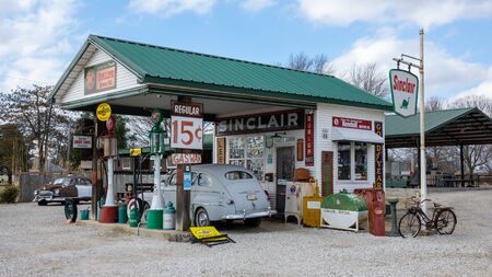Mount Olive, Illinois - July 17, 2017. Soulsby service station in Mount Olive, Illinois. This station is an example of a house with canopy building. National register of historic places.
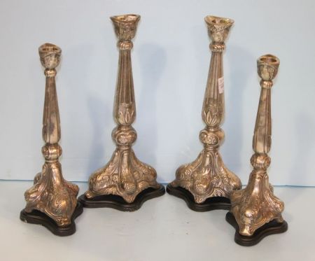 Set of Four Silver Metal Candlesticks; 11 1/2" h., 12 1/2" h. Set of Four Silver Metal Candlesticks; 11 1/2" h., 12 1/2" h.
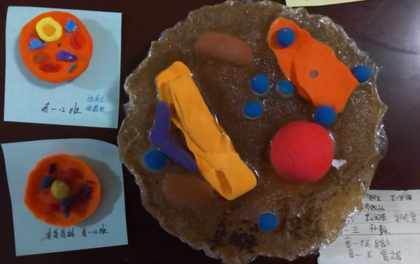 高一学生在学习了细胞结构的基础上,利用生活中的常见材料,发挥自己的想象力,创作出了各种漂亮而又不失科学性的细胞模型。他们积极开动脑筋,纷纷大显身手,展现创意。心思灵动的同学们看中了橡皮泥、面粉柔软易塑的特点,精心制作了各类细胞结构。他们根据细胞各部分结构的特点或捏成不同的形状,或压出浅浅的印痕,或弯成曲折的网状,力求再现各个细胞器的形态特点。许多作品还用不同的颜色区分不同的细胞器,用大头针固定它们的位置和形状,精心细致自不待言。
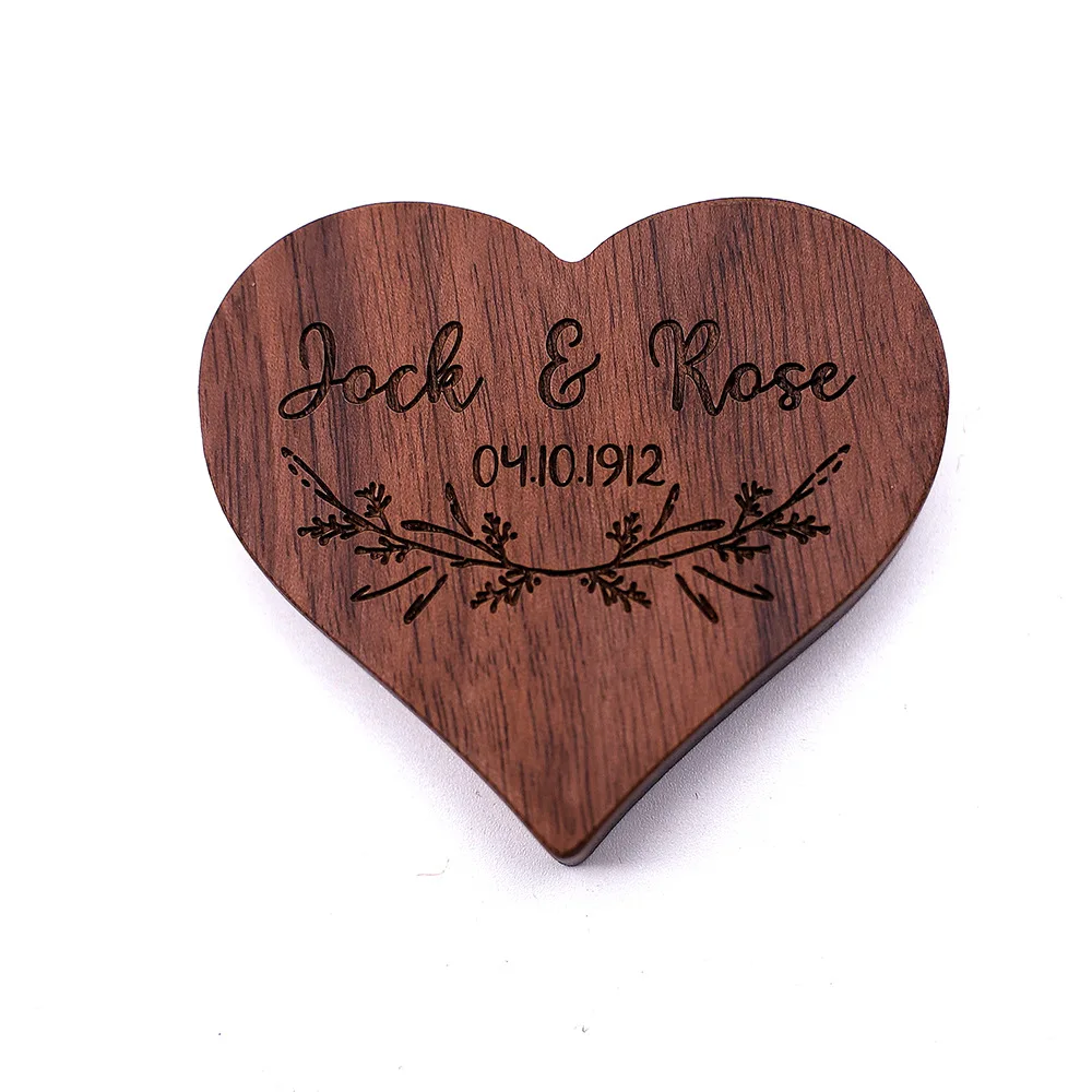 На заказ Гравировка на дереве коробка для колец в форме сердца, сва...
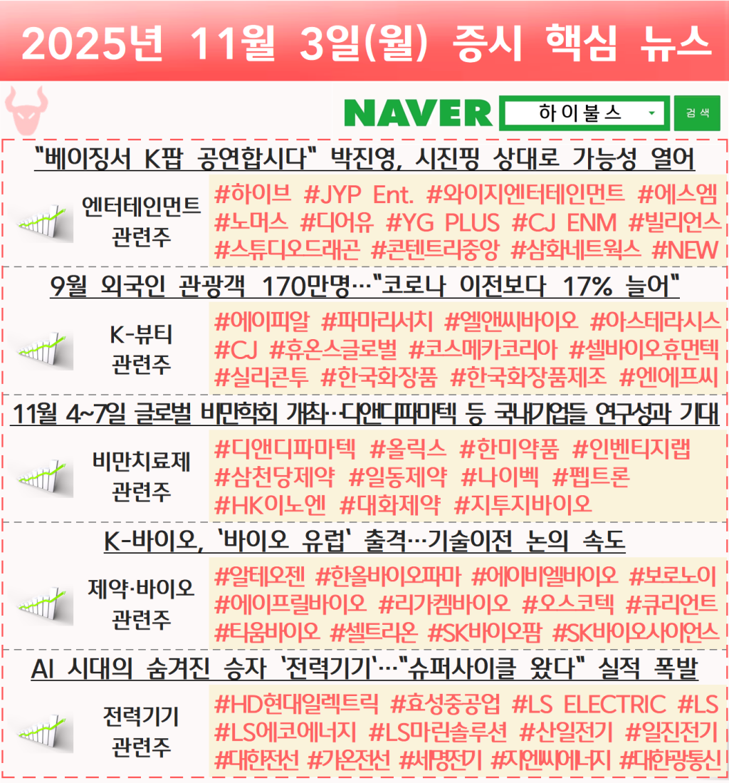 [11.03] 증시 개장 전 핵심뉴스 하이불스 Pick
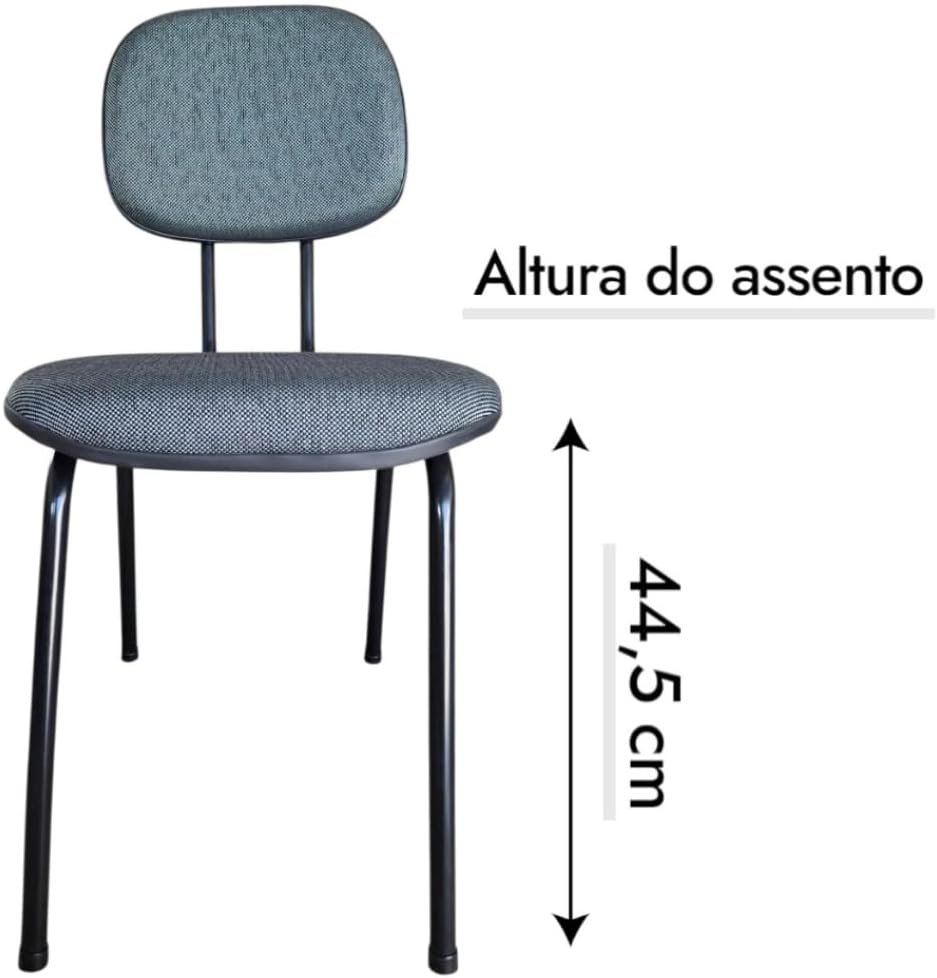 A cadeira é enviada montada, pronta para uso. O revestimento em tecido Jserrano facilita a limpeza com pano úmido, exigindo pouca manutenção diária. Sua estrutura firme não exige ajustes ou regulagens.
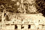 The ancient steps of Greek amphitheater at the ancient City in Antalya Province, Turkey
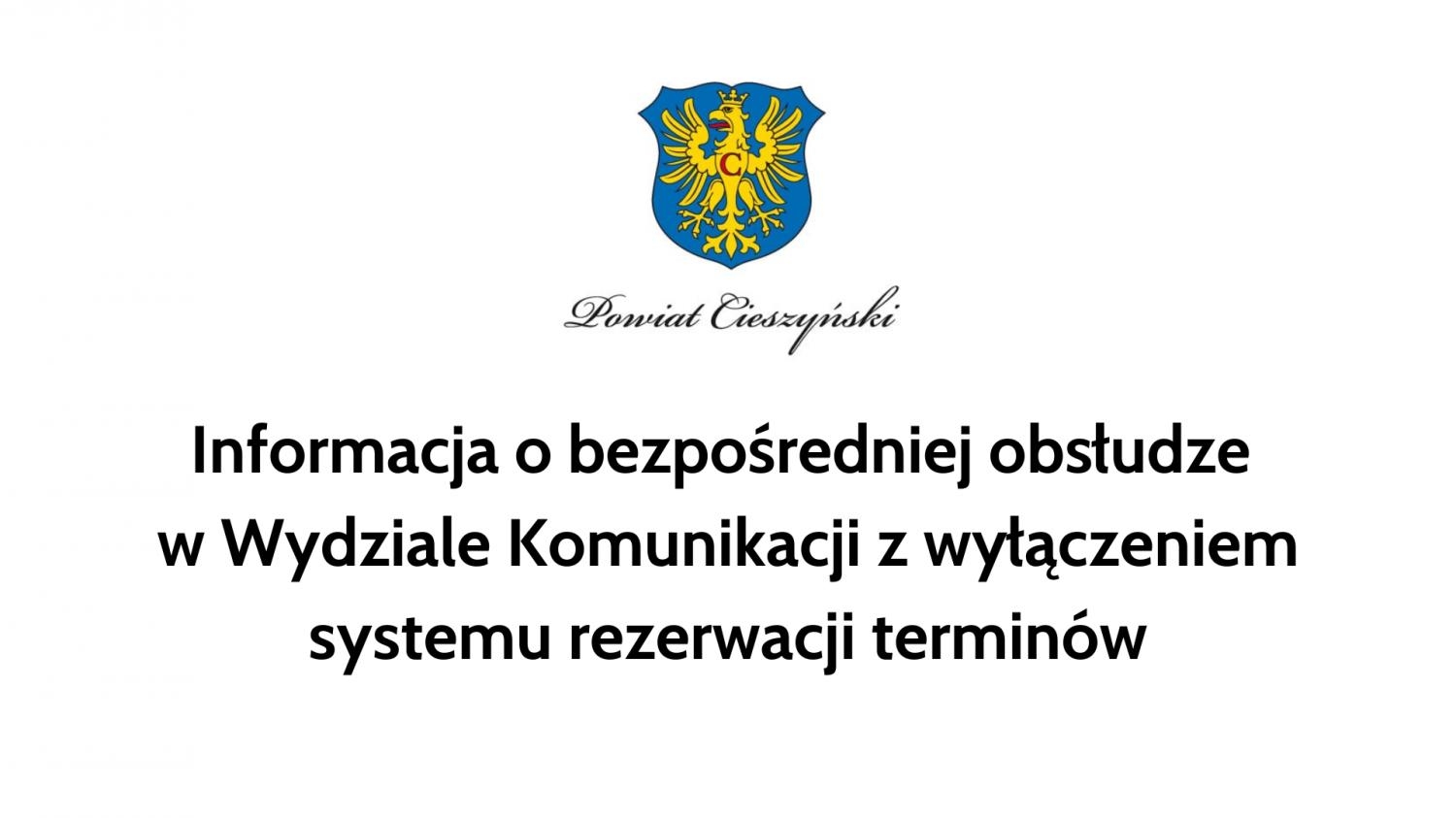 Informacja o bezpośredniej obsłudze w Wydziale Komunikacji z wyłączeniem systemu rezerwacji terminów
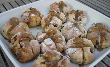 Keywords: Ban'ses Crouaîsies - Hot Cross Buns 1.jpg Des ban'ses crouaîsies grées l'Vendrédi B'nêt 2012 Hot cross buns made on Good Friday 2012 own photo 2012-04-06 16 42 46 Man vyi Breads of Jersey Easter 2012 Hot cross buns
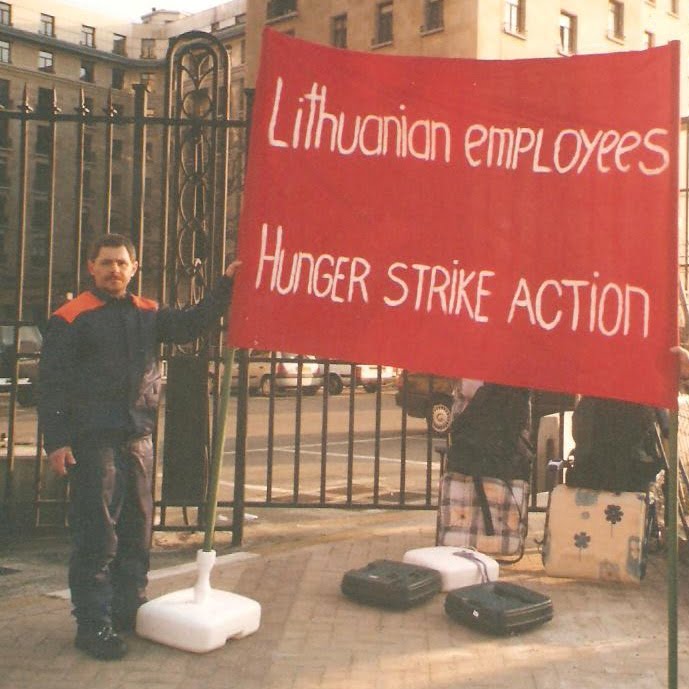 Mes dviese, su neteisėtai atleistu iš darbo už priklausymą profsąjungai, Lietuvos geležinkelio traukinio mašinistu Leonidu Malomūžu, atsivežėme į Briuselį specialias specialias kėdes, didelius pastatomus lietsargius ir pradėjome bado akciją, dalindami visiems įeinantiems į Europarlamentą ir prie jo vaikščiojantiems žmonės informacinius lapelius, kodėl mes čia esam ir ko siekiam.
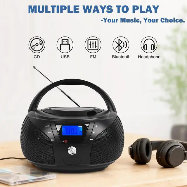 music from multiple sources: CD, USB, Bluetooth, and FM radio (NO AM). This players simple, intuitive control panel allows effortless switching between different modes, making it easy for anyone, even first-time users, to enjoy their favorite songs and radio stations without confusion. ^^ Flexible Power & Custom
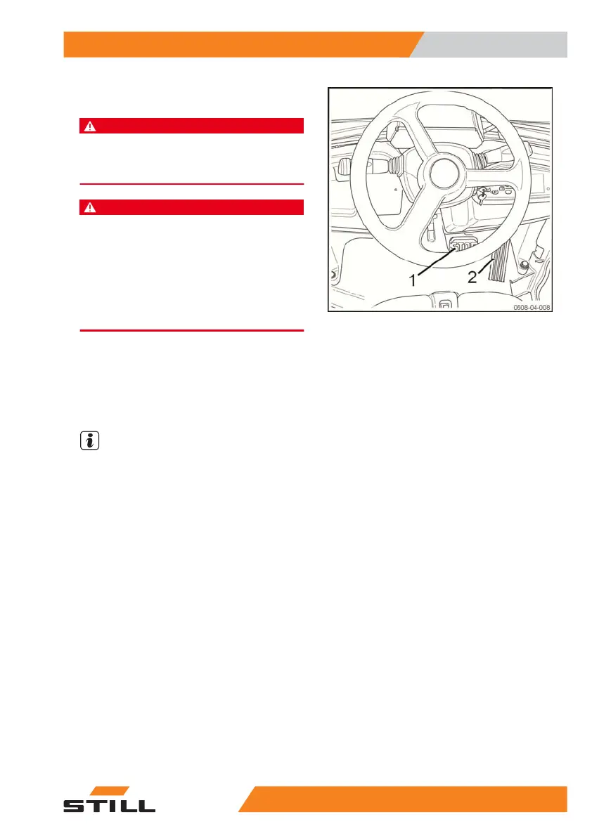 – Always use the foot brake (1) for emergency brak-
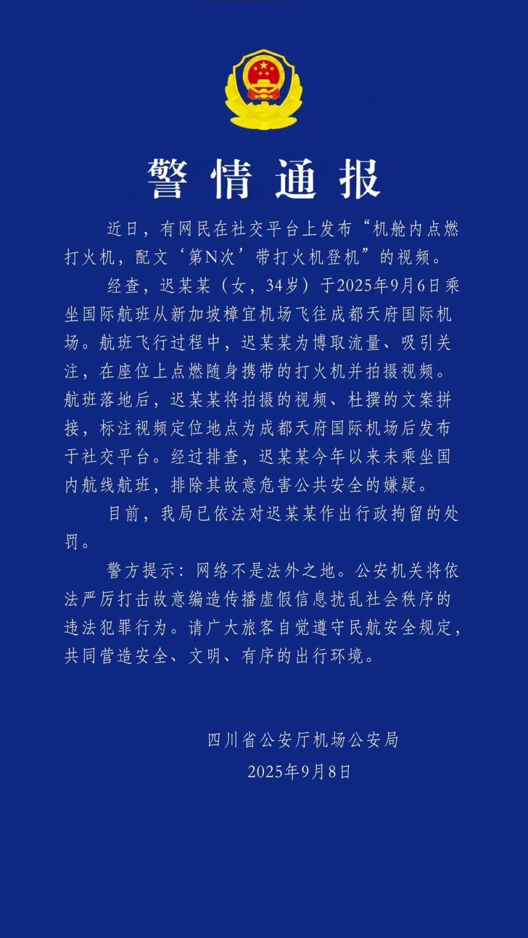 9月8日下午,“四川机场公安”微信公号发布一则警情通报:
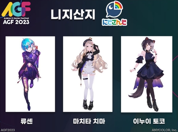 이미지 확대보기AGF 사무국에 따르면 니지산지 소속 버튜버 '류센'과 '마치타 치마', '이누이 토코' 등 3명이 공식 게스트로 이번 행사에 함께한다.
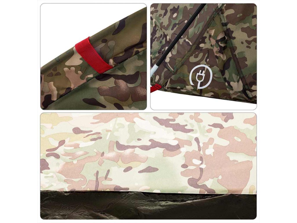 - Vodotesný dizajn: Tento kempingový stan je vyrobený z polyesteru s PU vrstvou, takže je vodeodolný a odolný voči vetru. Podlepené švy účinne zabraňujú prenikaniu dažďovej vody, zatiaľ čo odolná podlážka pomáha udržiavať interiér suchý a pohodlný.

· · · ·

Exercise instructions. Each of the entries above must be copied exactly, but the pictures stay out.

Solved exercise.
Mount Olive, Illinois - July 17, 2017. Soulsby service station in Mount Olive, Illinois. This station is an example of a house with canopy building. National register of historic places.
 Set of Four Silver Metal Candlesticks; 11 1/2" h., 12 1/2" h. Set of Four Silver Metal Candlesticks; 11 1/2" h., 12 1/2" h.
 高一学生在学习了细胞结构的基础上,利用生活中的常见材料,发挥自己的想象力,创作出了各种漂亮而又不失科学性的细胞模型。他们积极开动脑筋,纷纷大显身手,展现创意。心思灵动的同学们看中了橡皮泥、面粉柔软易塑的特点,精心制作了各类细胞结构。他们根据细胞各部分结构的特点或捏成不同的形状,或压出浅浅的印痕,或弯成曲折的网状,力求再现各个细胞器的形态特点。许多作品还用不同的颜色区分不同的细胞器,用大头针固定它们的位置和形状,精心细致自不待言。
 На заказ Гравировка на дереве коробка для колец в форме сердца, сва...
 [11.03] 증시 개장 전 핵심뉴스 하이불스 Pick
 A cadeira é enviada montada, pronta para uso. O revestimento em tecido Jserrano facilita a limpeza com pano úmido, exigindo pouca manutenção diária. Sua estrutura firme não exige ajustes ou regulagens.
 The ancient steps of Greek amphitheater at the ancient City in Antalya Province, Turkey
 Informacja o bezpośredniej obsłudze w Wydziale Komunikacji z wyłączeniem systemu rezerwacji terminów
 Keywords: Ban'ses Crouaîsies - Hot Cross Buns 1.jpg Des ban'ses crouaîsies grées l'Vendrédi B'nêt 2012 Hot cross buns made on Good Friday 2012 own photo 2012-04-06 16 42 46 Man vyi Breads of Jersey Easter 2012 Hot cross buns
 Mes dviese, su neteisėtai atleistu iš darbo už priklausymą profsąjungai, Lietuvos geležinkelio traukinio mašinistu Leonidu Malomūžu, atsivežėme į Briuselį specialias specialias kėdes, didelius pastatomus lietsargius ir pradėjome bado akciją, dalindami visiems įeinantiems į Europarlamentą ir prie jo vaikščiojantiems žmonės informacinius lapelius, kodėl mes čia esam ir ko siekiam.
 music from multiple sources: CD, USB, Bluetooth, and FM radio (NO AM). This players simple, intuitive control panel allows effortless switching between different modes, making it easy for anyone, even first-time users, to enjoy their favorite songs and radio stations without confusion. ^^ Flexible Power & Custom
 – Always use the foot brake (1) for emergency brak-
 9月8日下午,“四川机场公安”微信公号发布一则警情通报:
 이미지 확대보기AGF 사무국에 따르면 니지산지 소속 버튜버 '류센'과 '마치타 치마', '이누이 토코' 등 3명이 공식 게스트로 이번 행사에 함께한다.
 - Vodotesný dizajn: Tento kempingový stan je vyrobený z polyesteru s PU vrstvou, takže je vodeodolný a odolný voči vetru. Podlepené švy účinne zabraňujú prenikaniu dažďovej vody, zatiaľ čo odolná podlážka pomáha udržiavať interiér suchý a pohodlný.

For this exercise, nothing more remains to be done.